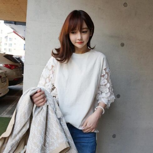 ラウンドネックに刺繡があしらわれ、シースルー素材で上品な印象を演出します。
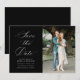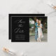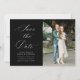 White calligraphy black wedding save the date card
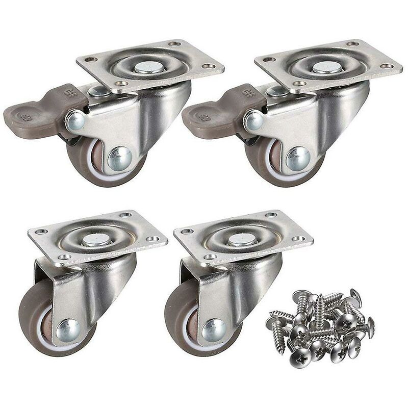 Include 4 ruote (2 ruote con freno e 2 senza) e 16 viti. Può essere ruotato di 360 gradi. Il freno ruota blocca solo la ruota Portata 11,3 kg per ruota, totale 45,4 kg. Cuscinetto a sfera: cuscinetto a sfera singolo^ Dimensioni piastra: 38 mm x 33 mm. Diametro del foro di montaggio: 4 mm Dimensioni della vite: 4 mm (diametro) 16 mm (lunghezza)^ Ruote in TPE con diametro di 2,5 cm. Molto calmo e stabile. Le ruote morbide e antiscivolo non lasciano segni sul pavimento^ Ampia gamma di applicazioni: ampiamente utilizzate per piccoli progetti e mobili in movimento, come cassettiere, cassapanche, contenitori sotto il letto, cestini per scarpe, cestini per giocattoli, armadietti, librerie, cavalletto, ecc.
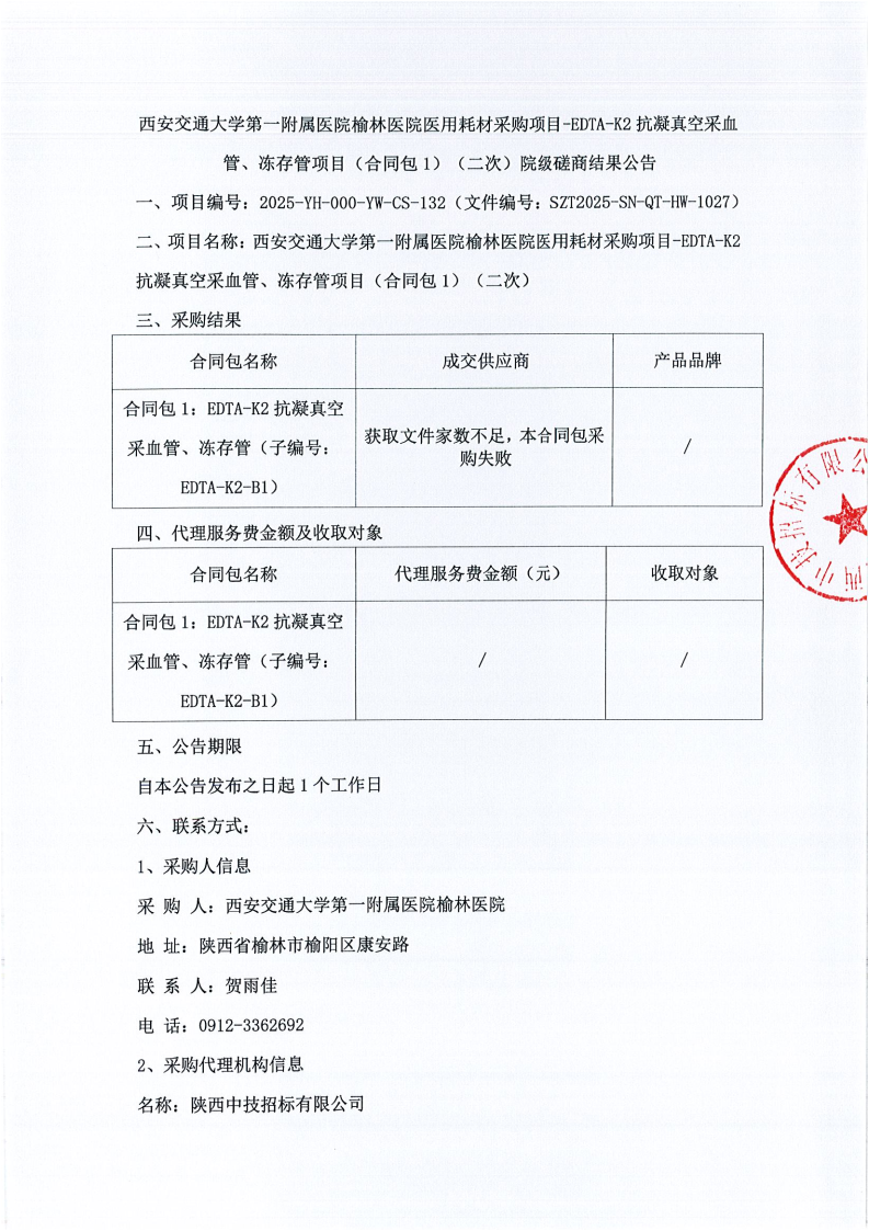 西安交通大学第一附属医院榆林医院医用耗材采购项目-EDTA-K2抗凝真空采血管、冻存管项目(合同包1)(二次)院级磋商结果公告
+++
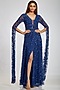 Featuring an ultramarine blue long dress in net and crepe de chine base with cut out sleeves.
+++
What to produce: Of the lines above, copy only those from the one holding "ラウンドネックに刺繡があしらわれ、シースルー素材で上品な印象を演出します。" to the one holding "White calligraphy black", both included, and exclude every image.

Solution for this task:
 ラウンドネックに刺繡があしらわれ、シースルー素材で上品な印象を演出します。
 White calligraphy black wedding save the date card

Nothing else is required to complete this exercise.